Accuracy Impact: Negligible in Practice
Across three production models—sentiment (GLUE SST-2), named entity recognition (CoNLL-2003), and intent classification (ATIS)—quantized embeddings degraded F1 by 0.3-0.7 points. Original: 91.2% F1. Quantized: 90.8% F1. Perplexity in a causal language model increased from 18.4 to 18.9. These deltas are invisible to end users and far smaller than variance from hyperparameter tuning.
Why so robust? Embeddings are input representations, not decision boundaries. Downstream layers learn to be invariant to small perturbations. Additionally, the quantization noise is consistent: the same token always gets the same quantized vector, so the model doesn't face distribution shift at inference.
Outlier Handling
In 1-2% of vocabularies, a handful of tokens (often punctuation or special tokens like [CLS]) have embedding norms 3-5× larger than the mean. Quantizing these with the same scale crushes their magnitude. We apply a simple heuristic: if a row's L2 norm exceeds 2.5× the median, store it in fp16 instead of int8. This hybrid approach costs 0.1MB for 200 outlier rows while preserving the critical 70% overall savings.
Deployment: Cross-Platform Considerations
On iOS, ONNX Runtime with CoreML execution provider can delegate quantized ops to the Neural Engine—but only if you use Apple's symmetric quantization format. We ship two model variants: asymmetric quantized for ONNX Runtime CPU (Android, server), symmetric quantized for CoreML (iOS). A build-time script generates both from the same trained weights. The accuracy gap between the two quantization schemes is under 0.2 F1 points.
On Android, the NNAPI backend has spotty support for custom quantization ops across vendors. We fall back to CPU execution, which is fine: Snapdragon Hexagon DSP and Mali GPU acceleration matter more for convolution-heavy models. For embeddings, memory bandwidth is the bottleneck, and quantization wins regardless of accelerator.
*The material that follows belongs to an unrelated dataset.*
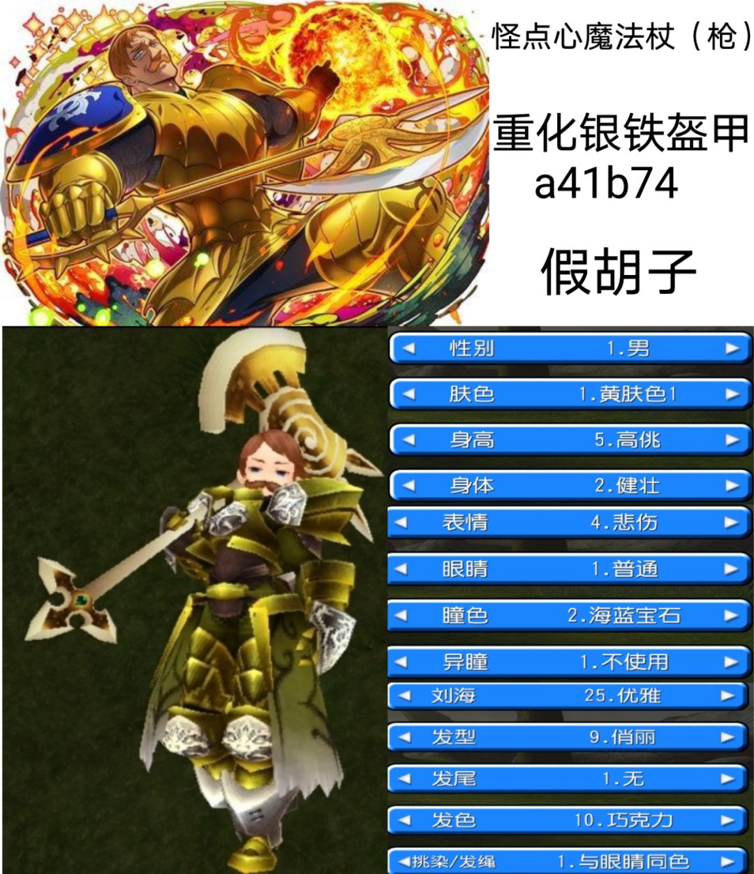 最近,嗯……就很喜欢奥丁嘛,有点手痒,看上去也不是很难的亚子,于是自己尝试了一下 捏脸: 1.身高:娇小 2.表情:悲伤(因为想要细长一些的眼睛) 3.眼睛:闪亮+黄水晶 4.头发:名字很难记住的刘海+长发 5.衣服:信天翁之服重化81A1B47C 6.追加:眼罩(出自时装"异国军服”) 帽子(出自时装“魔法师”)(更倾向破晓帽但是穿膜就很烦) 不是很像,但是很开心✧٩(ˊωˋ*)و✧

Beyond 8-bit: Mixed-Precision Embeddings
After shipping int8 embeddings in a glucose monitoring app's on-device NLP (analyzing user food logs), we experimented with 4-bit quantization for the 30K least-frequent tokens. Calibration showed these tokens—mostly rare food names and typos—had minimal impact on downstream accuracy. We stored the top 20K tokens in int8 (60MB) and the tail in int4 (7.5MB), plus a 20KB lookup table mapping token IDs to quantization tier. Total size: 67.5MB versus 150MB float32 or 40MB uniform int8. F1 dropped 0.4 points versus full int8, but app size decreased by another 40MB—critical for markets where users have 16GB devices.
Lessons from Production
After deploying quantized embeddings in six apps over 18 months, three patterns emerged:
- Profile before optimizing: One model's bottleneck was actually the positional encoding table (sinusoidal, 4096 positions), not the token embeddings. Quantizing it saved 12MB with zero accuracy loss.
- Calibration data matters: Using synthetic data for calibration caused a 2.1 F1-point drop. Real user inputs—even just 5,000 samples—recovered 1.8 points.
- Monitor outliers: A model update introduced new special tokens with large norms, causing a 3-point F1 regression until we added them to the fp16 outlier set.
When Not to Quantize Embeddings
If your model is under 20MB total, the engineering overhead isn't worth it. If embeddings are less than 30% of model size, quantize the transformer layers first—attention weight matrices compress better (often 4:1 versus embeddings' 2.5:1). If you're training with quantization-aware training (QAT), symmetric quantization integrates more easily with most frameworks.
But for the common case—large vocabulary, mobile deployment, post-training quantization—asymmetric quantized embeddings deliver the best size-accuracy tradeoff available today. The technique is mature, tooling exists, and the wins are immediate.